Everything in the listing should be set down exactly, apart from the pictures.

(Recorded data):
== Segment start ==
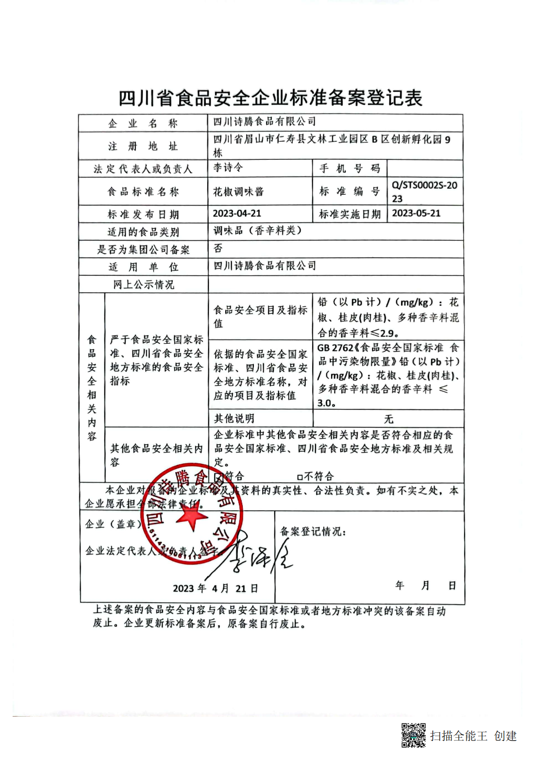四川诗腾食品有限公司-花椒调味酱(公示截止期2023.6.6)
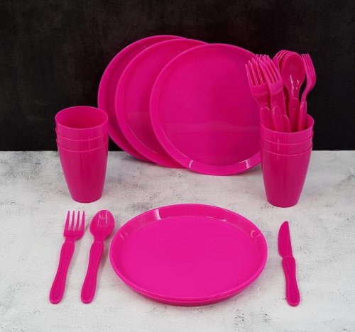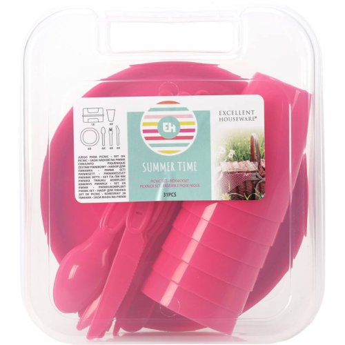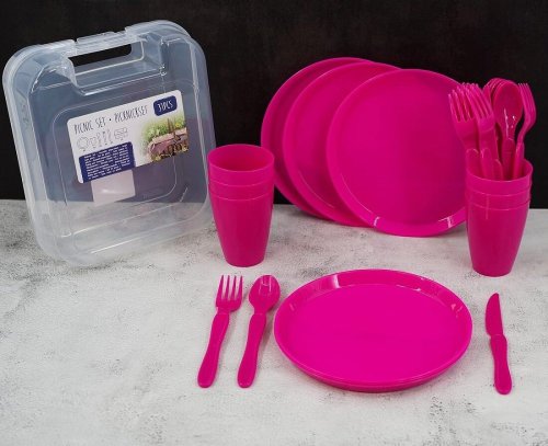 Praktická sada plastového nádobí pro pikniky a venkovní stolování. Vše uloženo v kompaktní úložné krabičce s klipem pro snadné přenášení.
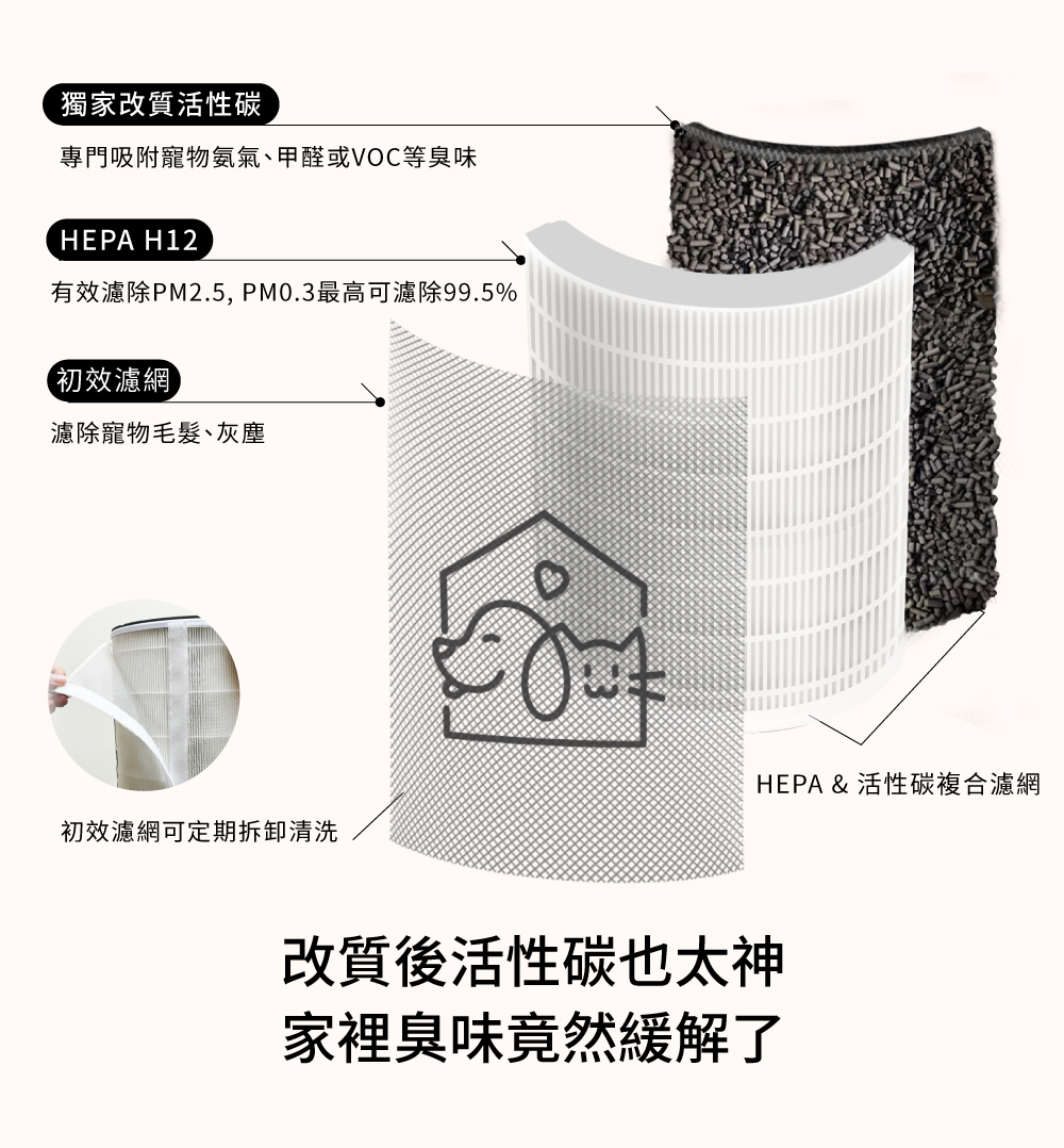 HEPA H12高效濾網,PM2.5、PM0.3懸浮微粒皆可有效濾除
== Segment end ==
(Answer for this exercise):
四川诗腾食品有限公司-花椒调味酱(公示截止期2023.6.6)
 Praktická sada plastového nádobí pro pikniky a venkovní stolování. Vše uloženo v kompaktní úložné krabičce s klipem pro snadné přenášení.
 HEPA H12高效濾網,PM2.5、PM0.3懸浮微粒皆可有效濾除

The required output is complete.